Emily pouted, I guess sexily, her hands running through her red hair.
Jesus, this was the last thing I wanted to deal with. What I really wanted to do was call Emily out for being a bitch to Leslie and warning her off me, but I knew if I said anything, it would drive her toward vengeance. And I knew Leslie would be pissed if I hit the redhead with my car or something, no matter how much of a bitch she’d been.
“Emily,” I said easily, pulling my helmet off.
She smiled, relieved. She hadn’t known how I’d react, after all. “I haven’t seen you in a while.” She approached me and attempted to touch my sweaty face, but I grabbed her wrist. Not painfully—I wasn’t a dick—but hard enough to make my disapproval clear.
“Emily, no.”
“What? Why?” she blushed, embarrassed.
“Emily, we’ve never fucked. I don’t know why you act like you have some claim to me.”

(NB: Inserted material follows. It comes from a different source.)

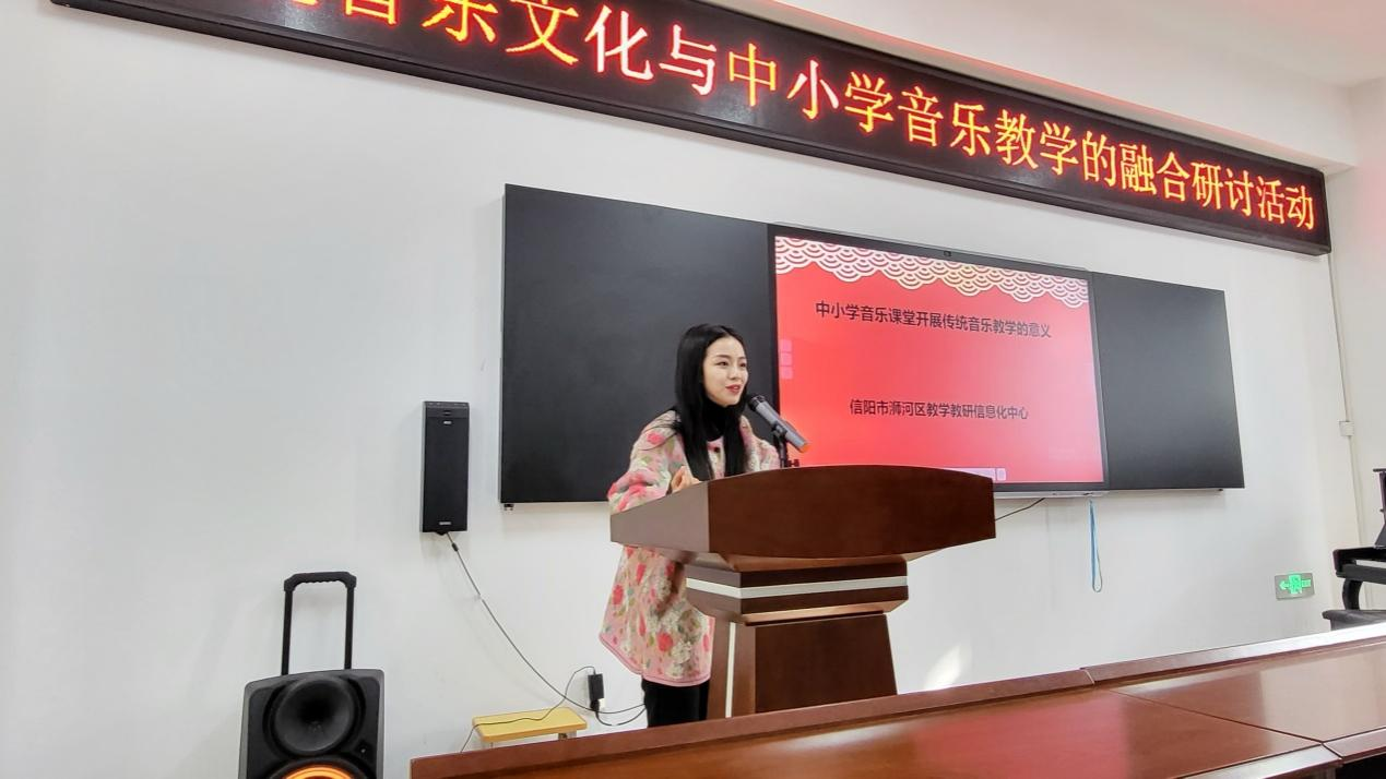 此次活动由浉河区教学教研信息化中心刘艳老师主持,在琵琶山学校举行。以两节展示课为主要内容。第一节是来自琵琶山学校初中音乐教师黄倩,授课内容是《多彩的中国民歌》,第二节是来自胜利路小学音乐教师高冉冉,授课内容是《走近京剧》。

Her soft blush turned to an angry maroon. “I thought you liked me. You did, until she got in your head and fucked around in there. Seriously, Mace, what do you see in her?”
I shook my head. “Don’t call me Mace. And don’t ever touch me again. I mean it, Emily. You won’t like what happens.”

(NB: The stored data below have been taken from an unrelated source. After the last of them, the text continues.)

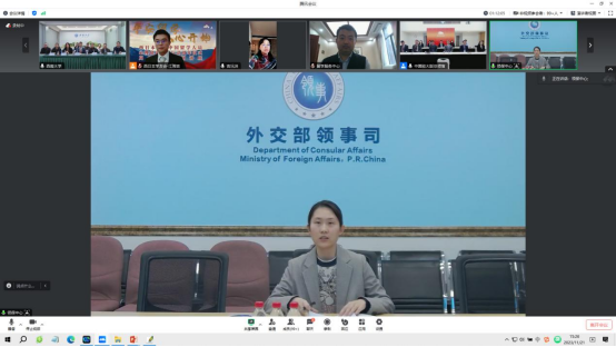 安晓姗代表外交部领保中心热烈祝贺“平安留学,从心开始”项目开展一周年。她强调党和国家高度重视留学人员安全问题,领保中心也积极贯彻党和国家的政策,切实维护海外中国公民的安全权益,为海外中国公民积极提供平台与帮助。目前留学生数目庞大,诈骗等安全问题频出,西南大学为海外留学生提供的心理健康干预活动是最好的预防与保护。用新颖的形式和生动的内容,并结合专业化的教师团队与针对性强的一对一心理咨询,把对留学生的心理关爱落到实处。期望将此项目不断拓展并继续坚持,形成长效机制,发挥更大的作用。
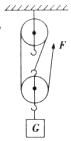 27.(8分)用如下图所示的滑轮组匀速提升重为480 N的物体G,所用拉力F为200 N,将重物提升3 m所用的时间为10 s.
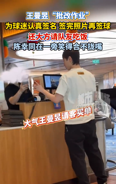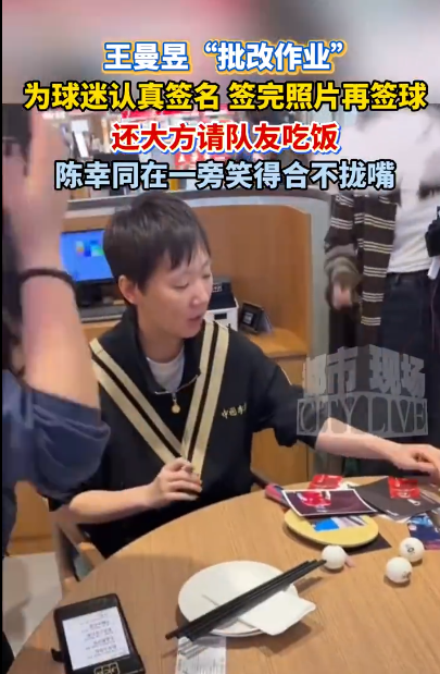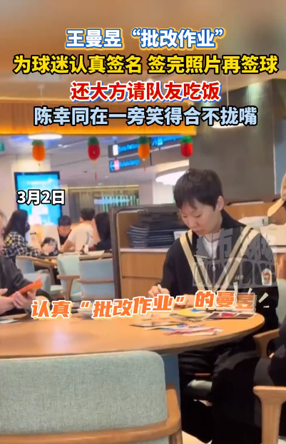 马上就有球迷围了上来,王曼昱现场“批改作业”,为球迷认真签名,

Only one person got to call me that from now on.
A person who was making her way down the stands, her own cheeks a pretty pink.
I dropped Emily’s wrist, standing up straight but not defending myself. This would be a test. Would Leslie trust me? Would she believe I hadn’t been hitting on Emily? Would she defend her territory—me—or would she run away again?
Be brave, butterfly, I thought.
Lucy stood at Leslie’s side, her eyes narrowed on Emily. I was glad to see that Leslie had a real friend. She deserved all the friends. She deserved the whole world, and I would give it to her—she just had to ask.
And to trust me.
C’mon, butterfly.
“Emily,” she said calmly. “I know we’re never going to be friends, but I’m happy to try to get along if you are. But that means you need to stop harassing my…harassing Mason.”
Emily turned bright red.
I, on the other hand, was disappointed. Had Leslie been about to call me her boyfriend? Or admit publicly I was her stepbrother, even though it was pretty clear to everyone on campus we were so much more? I’d take either, but I wouldn’t accept this shying away from the truth of us.
I caught Leslie’s gaze. Held out my hand. She stared at it.
And as she considered, Emily made the decision for us. For her.
“Who are you calling a harasser, brotherfucker?” she said, the word echoing through the stadium.